И вдруг в болезненном сознании проступило: "А может это и есть весь тот долгожданный смысл, все предназначение, вся бесценная мудрость: мир – стиральная машина?…
КубОн долго думал, предаваясь поочередно то скуке и тоске, то ностальгии с привкусом детского ожидания, и решил наконец послать по почте сам себе посылку. Посылка – всегда радость, в отличие от письма. Сколотил коробку, запаковал в нее Содержимое, тщательно закрыл, сверху сопроводил коробку надписями со строжайшим предостережением и требованием: "Осторожно!", "Не нарушать упаковку!", "Не переворачивать и не бросать!". Пришлось заплатить кучу денег за ее транспортировку на почту, ведь коробка получилась очень тяжелой.

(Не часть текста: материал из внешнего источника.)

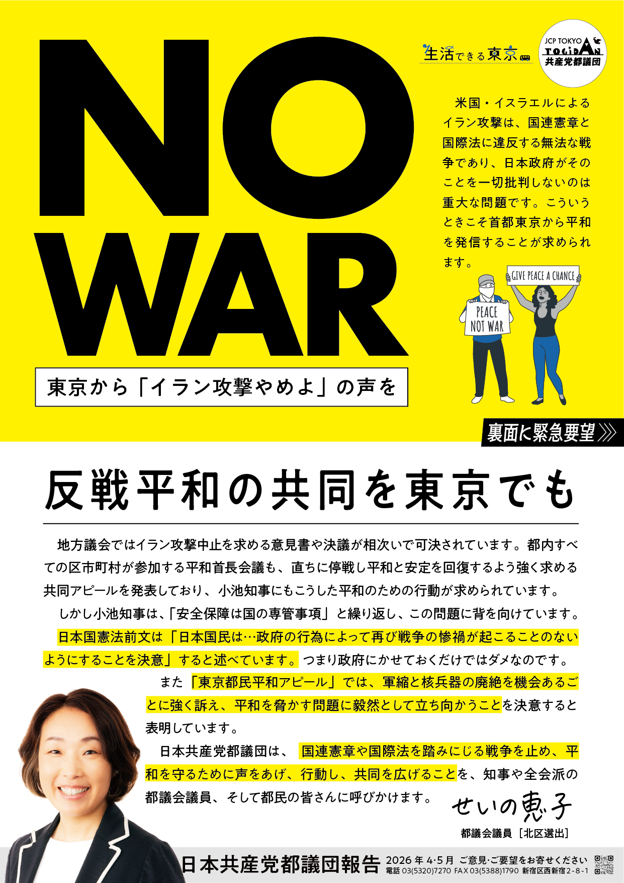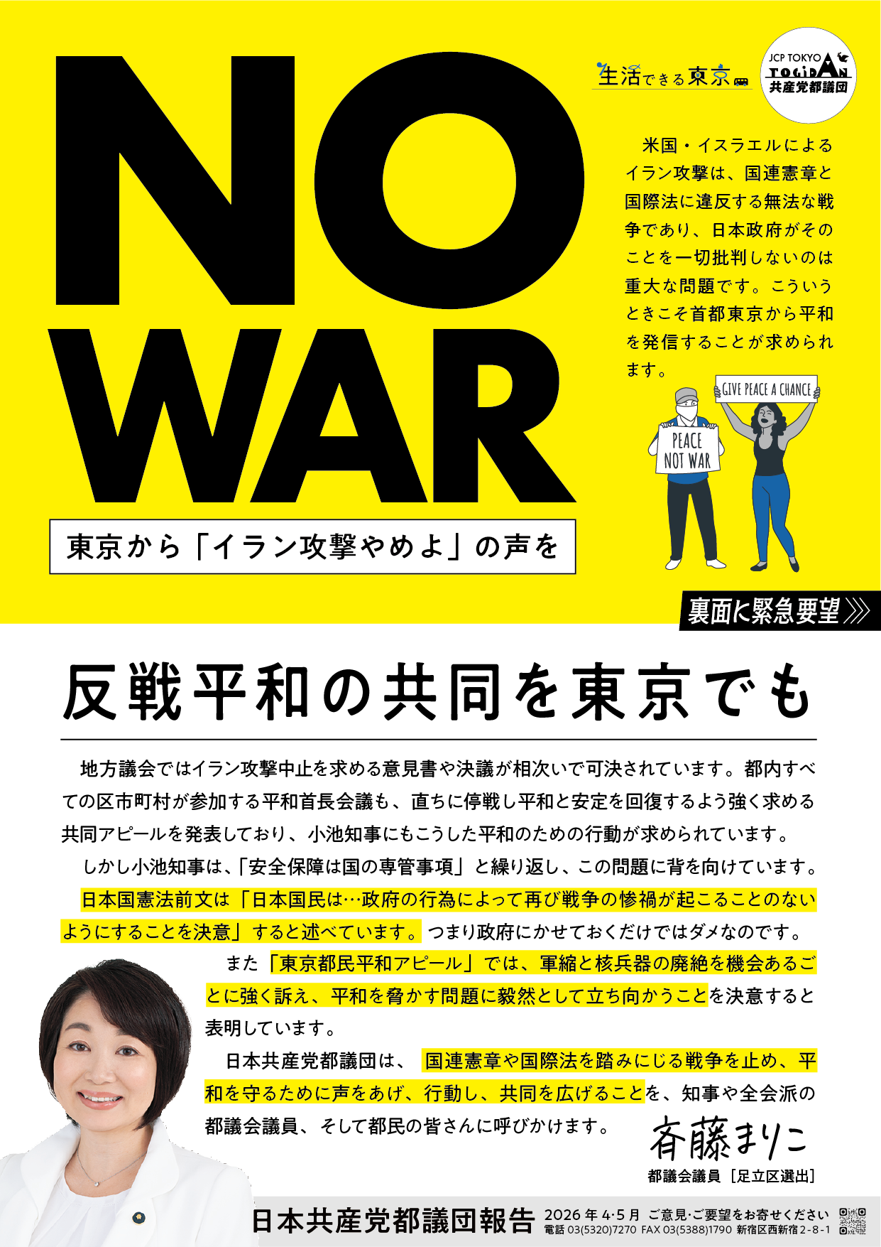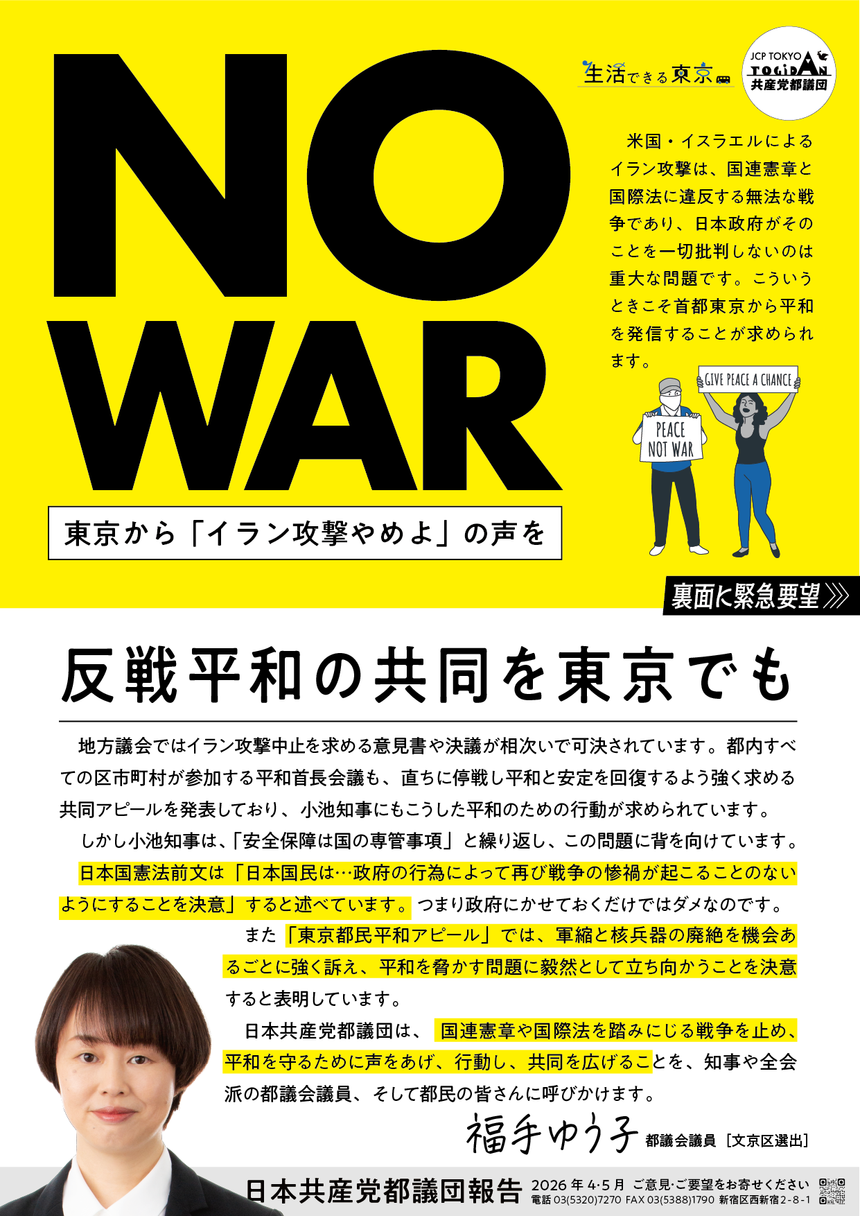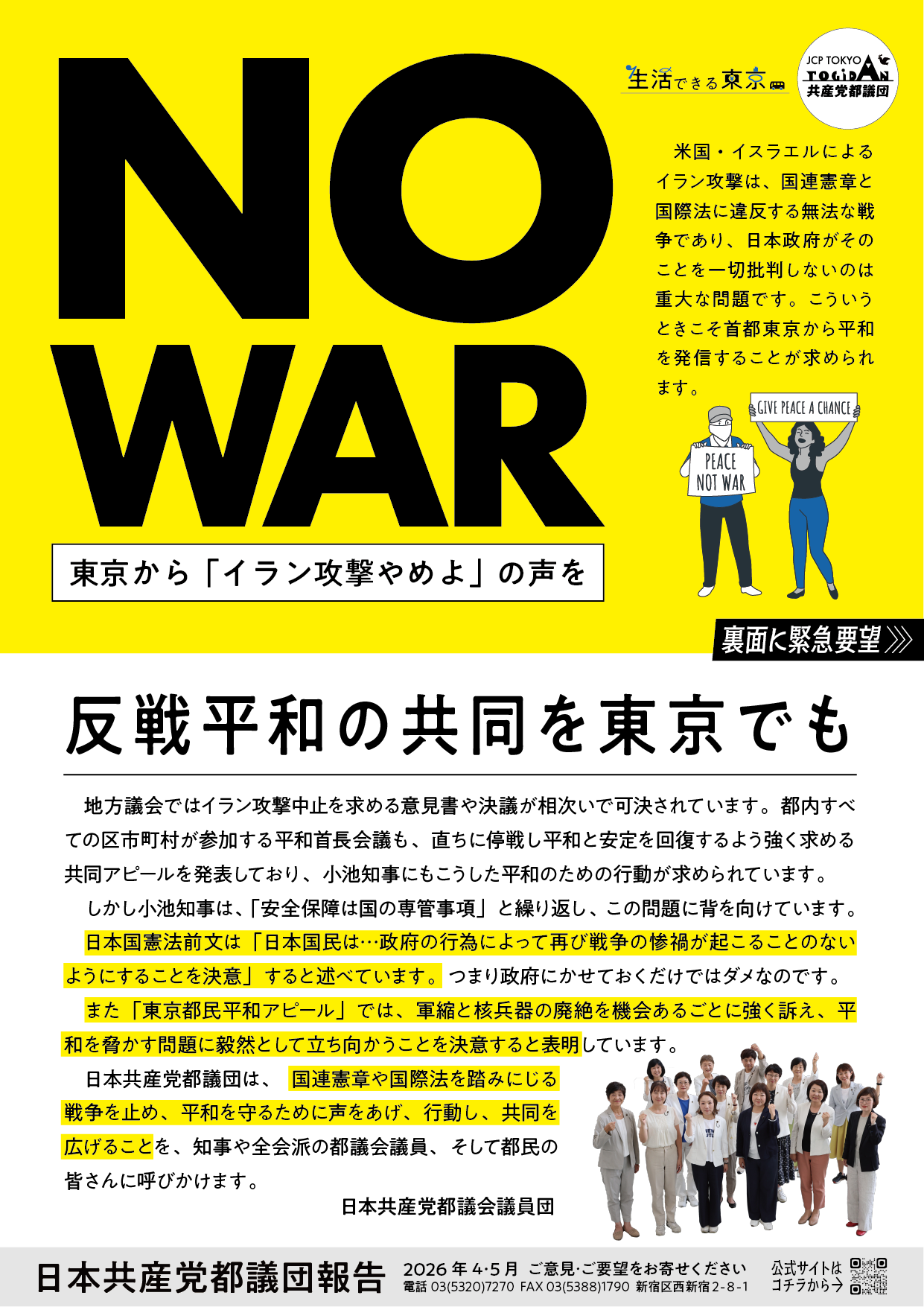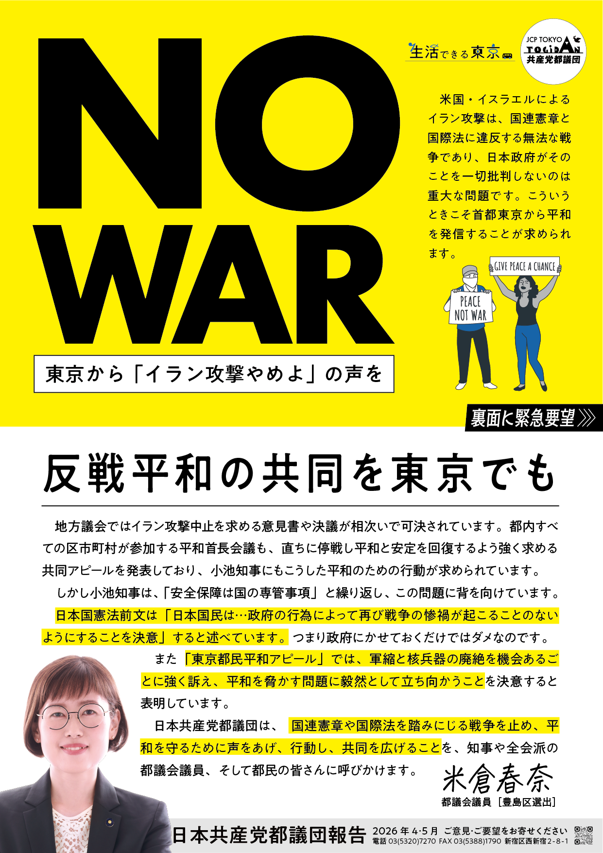 都議団報告2026年4月号「東京から『イラン攻撃やめよ』の声を」 全体版 大山とも子版 福手ゆう子版 藤田りょうこ版 里吉ゆみ版 原田あきら版 米倉春奈版 せいの恵子版 竹内愛版 とや英津子版 斉藤まりこ版 清水とし子版 尾崎あや子版 田中とも子版 原のり子版
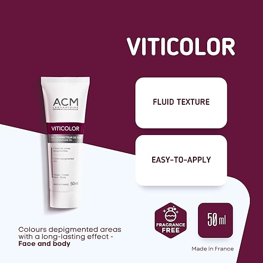 The ACM Viticolor Durable Skin Camouflage Gel is a long-wearing cosmetic product formulated to cover visible skin discolorations and textural variations, such as vitiligo, scars, blemishes, and hyperpigmentation. Its durable composition maintains consistent coverage through typical daily conditions and delivers a uniform, natural-appearing skin tone.

Довольный он вернулся с почты домой и начал ждать. Прождал неделю, и когда наконец получил почтовое извещение о прибывшей на его имя посылке, поспешил вновь на почту. Широко улыбаясь, он протянул помятый бланк в окошко. Три работницы почты недовольно бурча что-то себе под носы еле-еле подняли и поставили увесистую коробку перед ним на стол. Вот он, настал счастливый момент получения долгожданной посылки! Он тщательно осмотрел, все ли в порядке и убедившись, что коробка целехонька, удовлетворенно похлопал по ней и расписался где надо, в двух местах.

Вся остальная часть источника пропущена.